2025-05-21: Paper Summary: "AccessMenu: Enhancing Usability of Online Restaurant Menus for Screen Reader Users"

The ACM Web4All Conference (W4A) is the premier venue for research focused on web accessibility. It brings together a diverse community committed to making the web inclusive for users of all abilities and backgrounds. This year, the 22nd International Web for All Conference (W4A 2025) was held at the ICC Sydney: International Convention & Exhibition Centre in Sydney, Australia, from April 28–29, 2025. In this blog post, I highlight my work titled “AccessMenu: Enhancing Usability of Online Restaurant Menus for Screen Reader Users,” which addresses the accessibility challenges faced by blind and visually impaired (BVI) users when navigating image-based restaurant menus online.

Figure 1 Venkatraman et al.: (A) A sample restaurant menu in its original visual form. (B) The output produced by JAWS Convenient OCR when applied to the menu. (C) The AccessMenu interface, where the red box highlights the natural language query field, the yellow box marks the voice-input button, and the green box indicates the submit button. (D) The refined AccessMenu view displaying only the menu items that match the user’s query.

Motivation:

Ordering food online has become a routine part of modern life, offering speed, convenience, and variety. Yet for BVI individuals, accessing restaurant menus on the web remains a significant barrier. Many restaurants present their menus as images or PDFs, formats that are largely incompatible with screen readers. As a result, tasks such as browsing dishes, identifying ingredients, or comparing prices become laborious and error-prone. While OCR tools and AI-powered assistants attempt to help, they often misinterpret layout structures, skip context, or generate misleading information. These limitations impact users' ability to make informed choices and reduce confidence in digital interactions. To address this, we introduce AccessMenu, a browser extension that converts visual menus into screen reader-friendly interfaces and supports natural language queries for efficient menu navigation.

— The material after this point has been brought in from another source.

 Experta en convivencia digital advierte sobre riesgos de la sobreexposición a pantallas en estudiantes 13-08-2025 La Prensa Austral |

Background and Related Work:

Prior research in screen reader accessibility has led to the development of tools aimed at simplifying web interaction for BVI users. These include screen reader enhancements, AI-based captioning systems, web automation tools, and voice assistants that allow for more efficient navigation of digital content. Many of these tools focus on improving interaction with standard web elements such as text, forms, or images with alt-text. Recent advances in multimodal models have also enabled basic question-answering over documents and forms, and models like LayoutLM and Donut have demonstrated success in parsing structured data from visually rich documents.

However, these solutions fall short when applied to restaurant menus, which often lack structured HTML markup and rely heavily on spatial cues, icons, and dense visual formatting. OCR-based tools frequently produce disjointed outputs that confuse screen readers and users alike. General-purpose AI assistants may hallucinate or misclassify menu content due to a lack of domain-specific grounding. AccessMenu builds on this foundation by tailoring its design specifically for restaurant menus. It leverages multimodal large language models with customized prompts to extract menu content, interpret layout-dependent information, and present it in a linear, queryable format optimized for screen reader navigation.

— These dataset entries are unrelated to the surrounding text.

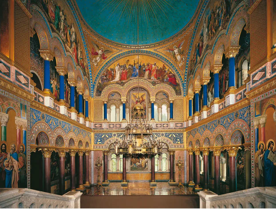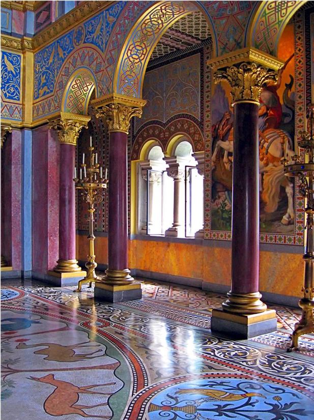 왕좌의 방(Throne Room): 비잔틴 양식에서 영감을 받은 이 방은 웅장한 돔과 아치가 특징입니다. 왕의 권위를 상징하는 왕좌가 놓일 플랫폼이 마련되어 있었지만, 왕좌는 끝내 제작되지 못했습니다. 이는 왕의 꿈이 현실에서 완전히 실현되지 못했음을 상징하는 듯합니다.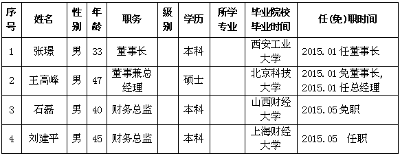内容:公司董事会选举通过张璟为公司董事长,并担任公司法定代表人。免去王高峰的董事长兼法定代表人职务。解聘吴连生总经理职务,聘任王高峰担任总经理。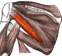 Este un rotator lateral (în afară) al brațului, ca și infraspinosul.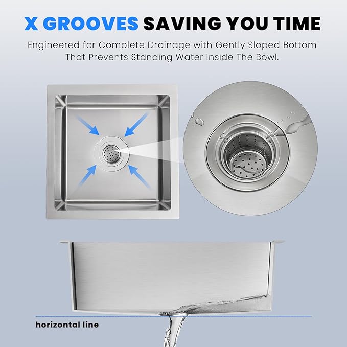 - 【Sink Dimension】Exterior Dimensions: 18"L x 18"W x 9"D, Interior Dimensions: 16"L x 16"W x 9"D. Standard 3.5" drain openings will fit any garbage disposal unit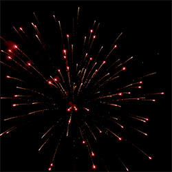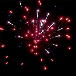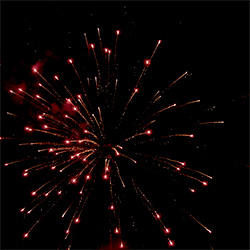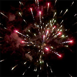5 эффектов. Разноцветные кометы разрываются сферами из: серебряных искристых форсов, красных и синих огней, красных огней с серебряными форсами и зеленых мерцающих огней, золотых искристых форсов с красными огнями на концах, красных огней и множества трещащих сфер, золотых форсов с разлетающимися трещащими серебряными искрами (залп).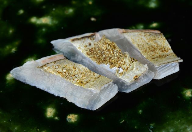 水洗いして三枚に下ろす。腹骨を取り、腹身だけにする。皮をあぶって氷水に落として粗熱を取る。水分をとり、冷蔵庫で寝かせ、皮を落ち着かせて切る。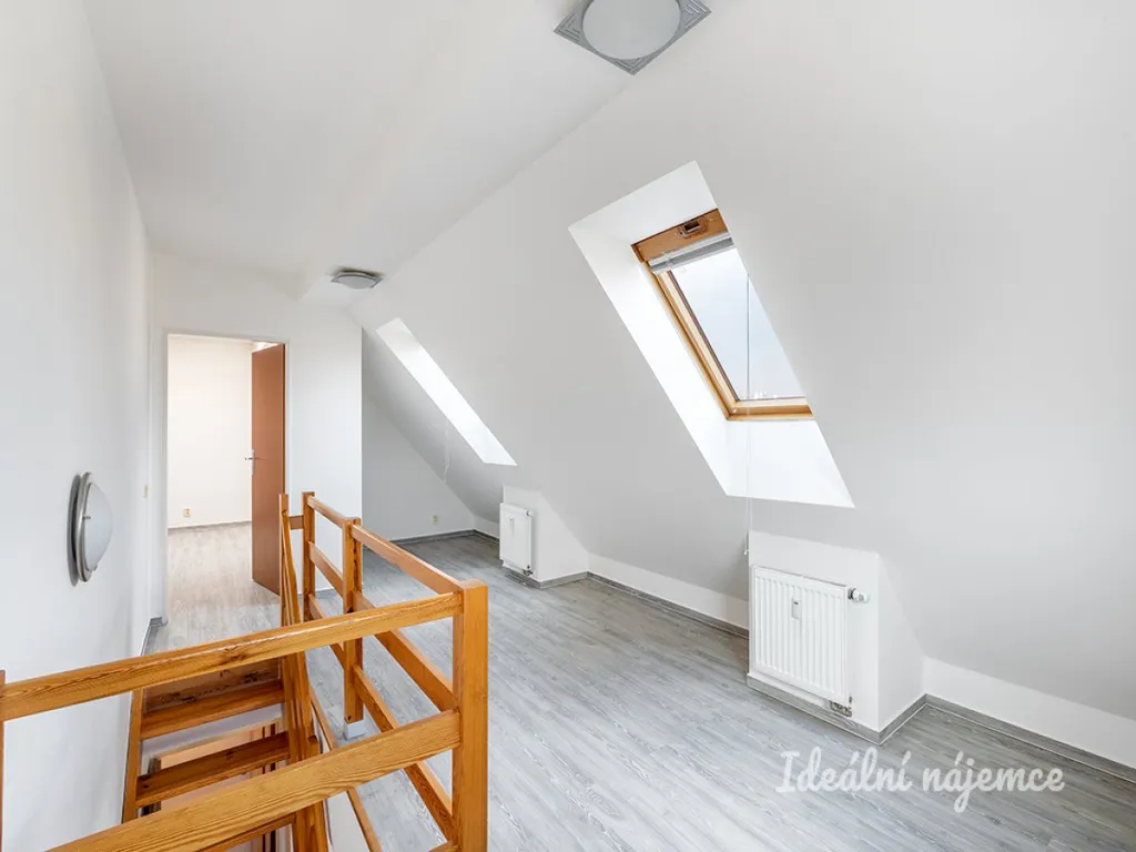 Exkluzivně k dlouhododobému pronájmu nabízíme hezký světlý, atypický mezonetový podkrovní byt 2+kk o rozloze 74 m2 v klidné rezidenční lokalitě pražského Radotína. K bytu náleží sklep v přízemí domu.

Uncovering Usability Issues with Menu Navigation:

To better understand the challenges BVI users face with online restaurant menus, we conducted a semi-structured interview study with 12 blind participants, all proficient in screen reader use. Participants shared their food ordering habits, menu navigation strategies, and frustrations with existing assistive tools. Interviews were conducted remotely and recorded with consent, followed by qualitative analysis using open and axial coding to identify recurring themes and insights that shaped our design approach.

Participants consistently described the limitations of OCR-based tools, citing difficulty in mentally reconstructing menu layouts from screen reader outputs, confusion caused by inconsistent text order, and a reliance on external help to make decisions. Several noted that current AI assistants often generated misleading or incorrect responses due to lack of contextual awareness. Key design insights included the need for a linear presentation of menu items, centralized item information, and support for natural language queries to filter or search menus. These findings directly informed the structure and features of AccessMenu.

AccessMenu Design

Key Features

AccessMenu introduces two core features that address the barriers identified in our user study: linear menu rendering and natural language query support.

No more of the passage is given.